• Lincoln, Seward, and US Foreign Relations in the Civil War Era by Joseph A. Fry
(UP of Ky, 2019).
The diplomacy of Secretary of State William Seward has often been portrayed as dangerously militant during key moments of the American Civil War, but Joseph Fry's Lincoln, Seward, and US Foreign Relations in the Civil War Era sees the Lincoln-Seward partnership as not only having effectively navigated numerous wartime crises but prepared the foundation for a bright national future. "These unlikely allies, who began as rivals during the 1860 presidential nomination, helped ensure that America remained united and prospered in the aftermath of the nation's consuming war."
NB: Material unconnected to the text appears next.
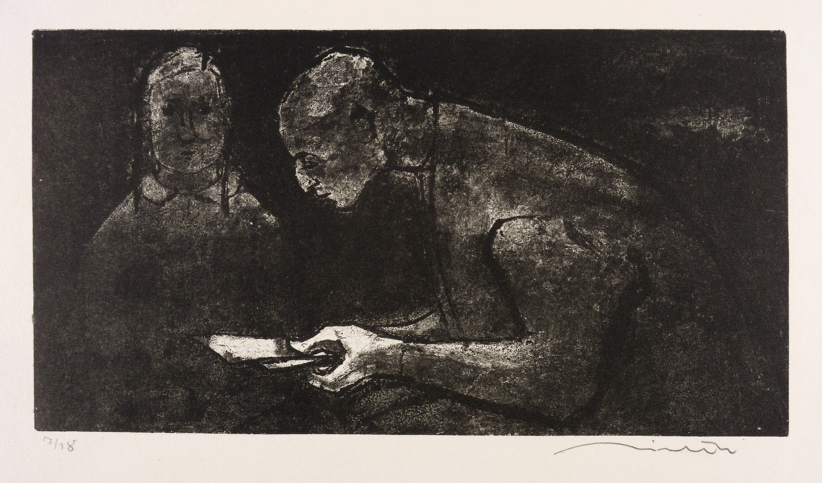 Richter, Hans Theo. – „Vorlesender mit hellem Buch und Mädchen”.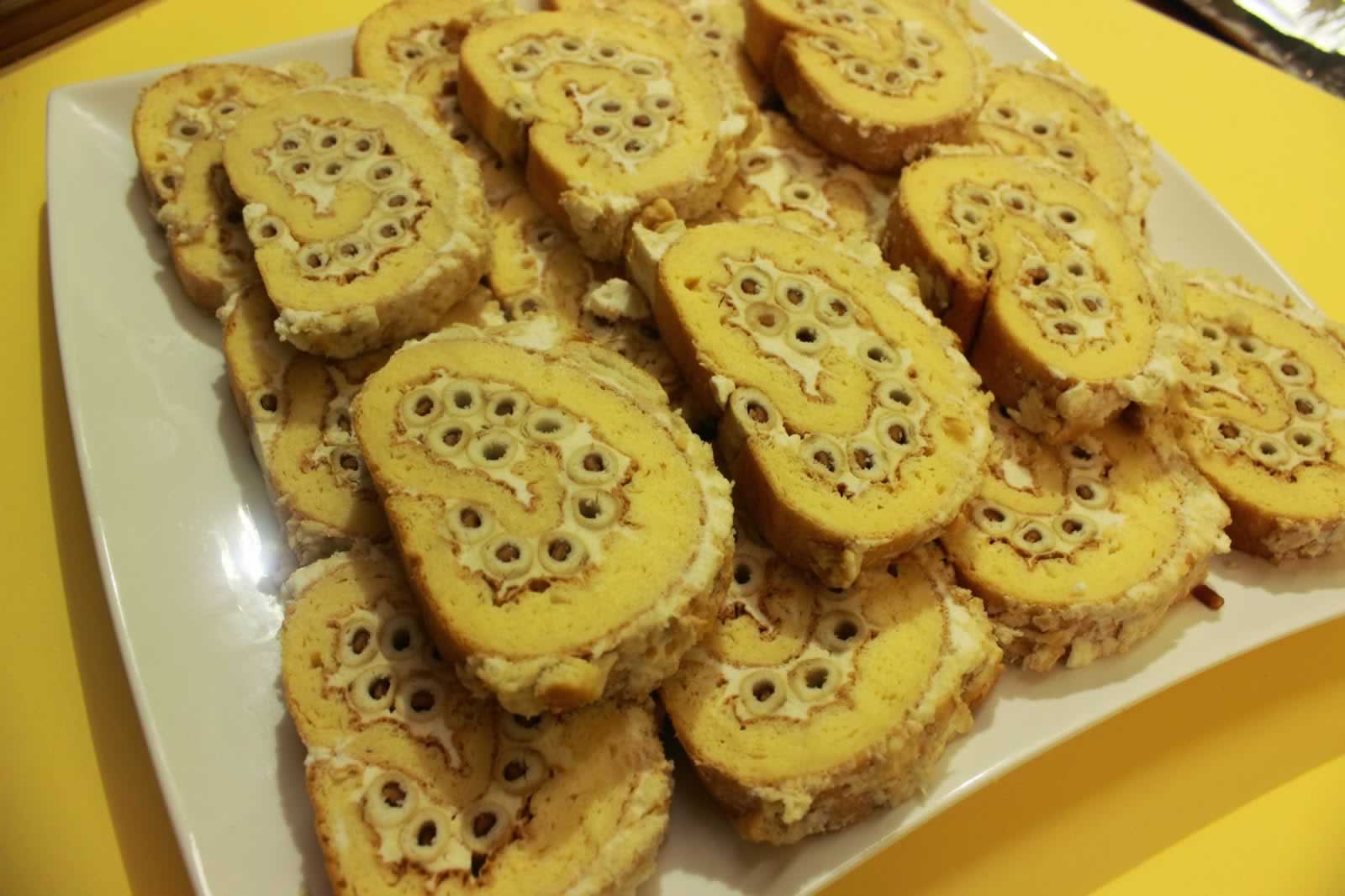 Odgore posuti sa prženim susamom ili mlevenim kikirikijem. Najlepše je sa susamom. Pogledajte u videu detaljno objašnjenje i način pripreme. Ostaviti jedan dan u frižideru da rolat lepo omekša pa tek onda seći. Prijatno!

In the book, Fry "examines the foreign policy decisions that resulted from this partnership and the legacy of those decisions. Lincoln and Seward, despite differences in upbringing, personality, and social status, both adamantly believed in the preservation of the union and the need to stymie slavery. They made that conviction the cornerstone of their policies abroad, and through those policies, such as Seward threatening war with any nation that intervened in the Civil War, they prevented European intervention that could have led to Northern defeat. The Union victory allowed America to resume imperial expansion, a dynamic that Seward sustained beyond Lincoln's death during his tenure as President Andrew Johnson's Secretary of State."
More: "Fry's analysis of the Civil War from an international perspective and the legacy of US policy decisions provides a more complete view of the war and a deeper understanding of this crucial juncture in American history."